Principe
Werknemers kunnen hun (recht op een) bedrijfswagen inruilen tegen een mobiliteitsbudget. Dit mobiliteitsbudget kunnen zij besteden aan een waaier van mobiliteitsoplossingen om zo hun verplaatsingen efficiënt en duurzaam organiseren.
Vanaf de eerste dag van de maand waarin de werkgever het mobiliteitsbudget toekent, vervalt elke verplichting die op hem zou rusten om nog tussen te komen in de kosten verbonden aan het woon-werkverkeer. En dit ongeacht het gebruikte vervoermiddel.
Cumulproblematiek
Dit verhindert niet dat werkgevers nog steeds mogen tussenkomen in deze kosten. Alleen verliezen deze zogenaamde verplaatsingsvergoedingen dan hun vrijgesteld karakter en zijn ze te beschouwen als loonvoordeel, onderworpen aan RSZ en bedrijfsvoorheffing.

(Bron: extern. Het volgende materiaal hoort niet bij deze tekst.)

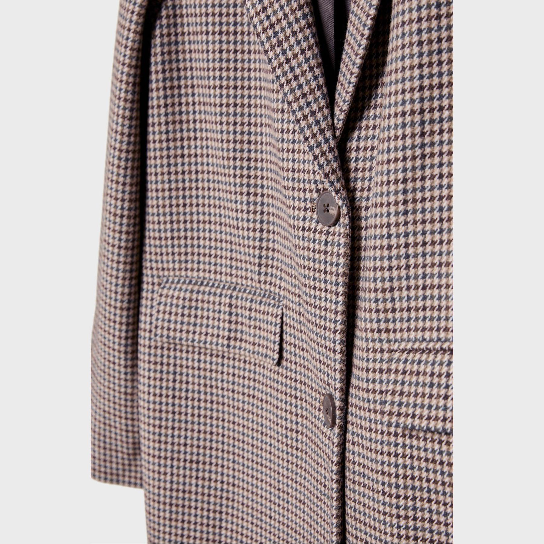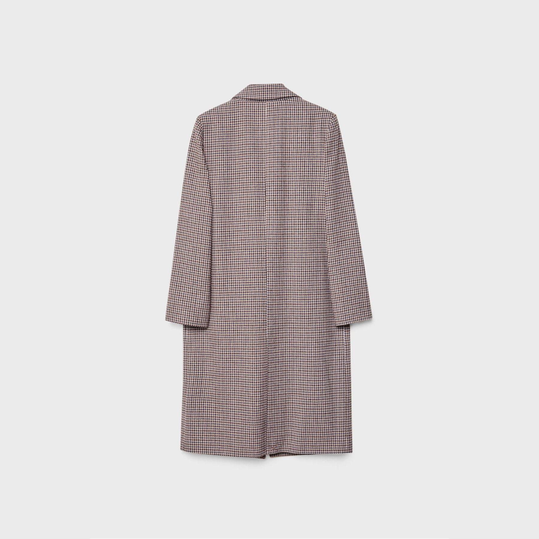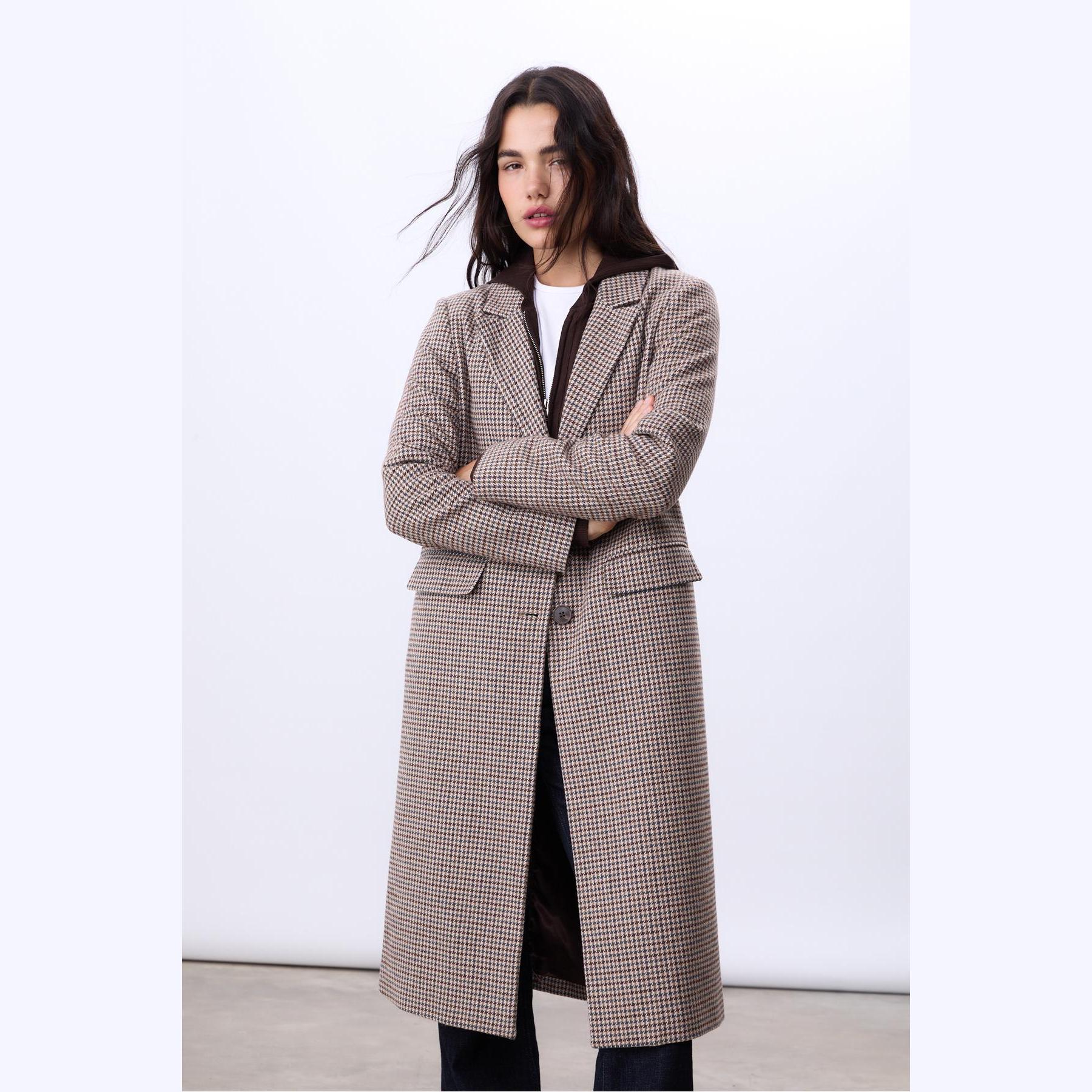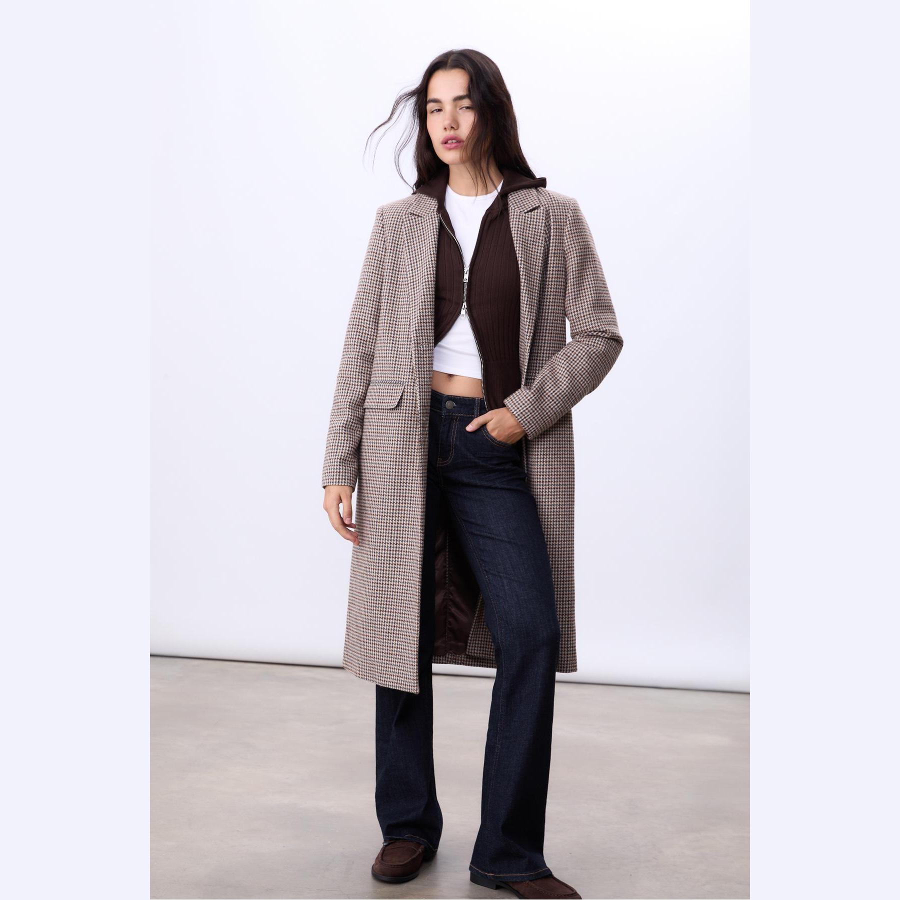 كابان أنيق من Stradivarius بلون بيج بنقشة مربعات، مصنوع من خامة منسوجة ناعمة بتركيبة متعددة الألياف، بياقة جاكيت كلاسيكية وقصة مستقيمة، يتميز بإغلاق أمامي بالأزرار وجيوب بيات ديكورية، مثالي للتنسيق مع بناطيل رسمية أو جينز لإطلالة شتوية أنيقة وعملية.
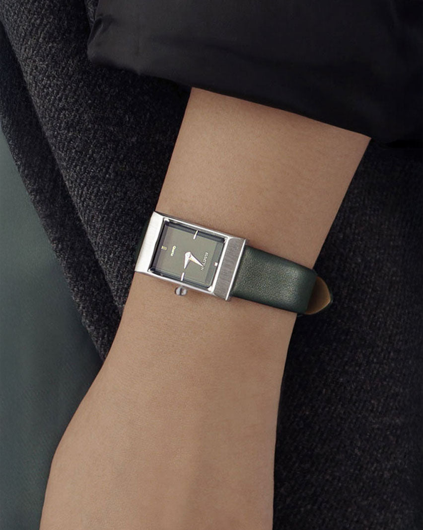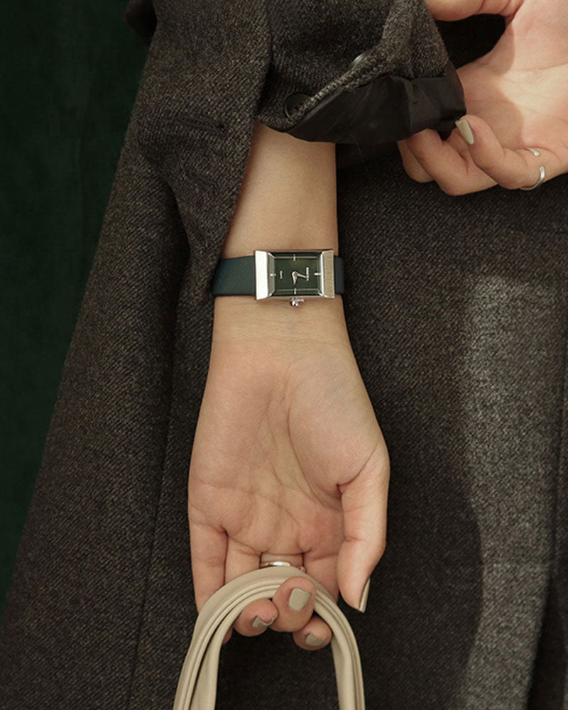 The RUMTTON GRID watch features a captivating interplay between the thick glass and the hairline-finished case. The natural leather band, with its unique softness and rich color, adds a touch of timeless elegance, making this watch a perfect choice for special occasions.
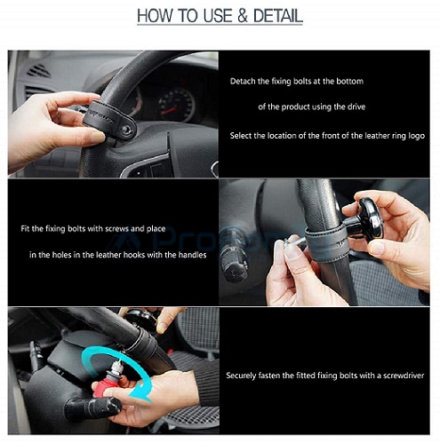 Carvito Blacksuit Handmade Leather Hook Universal Power Handle Steering Wheel Spinner Knob

Verplaatsingsvergoedingen in dit kader zijn:
- de werkgeverstussenkomst in het openbaar vervoer;
- de vergoeding voor carpooling;
- de terbeschikkingstelling door de werkgever van een fiets die de werknemer effectief gebruikt voor de woon-werkverplaatsingen;
- de fietsvergoeding van maximum 0,24 EUR per effectief getrapte kilometer.
Uitzondering
Er bestaat één belangrijke uitzondering op dit cumulverbod van een vrijgestelde verplaatsingsvergoeding en een gunstig mobiliteitsbudget.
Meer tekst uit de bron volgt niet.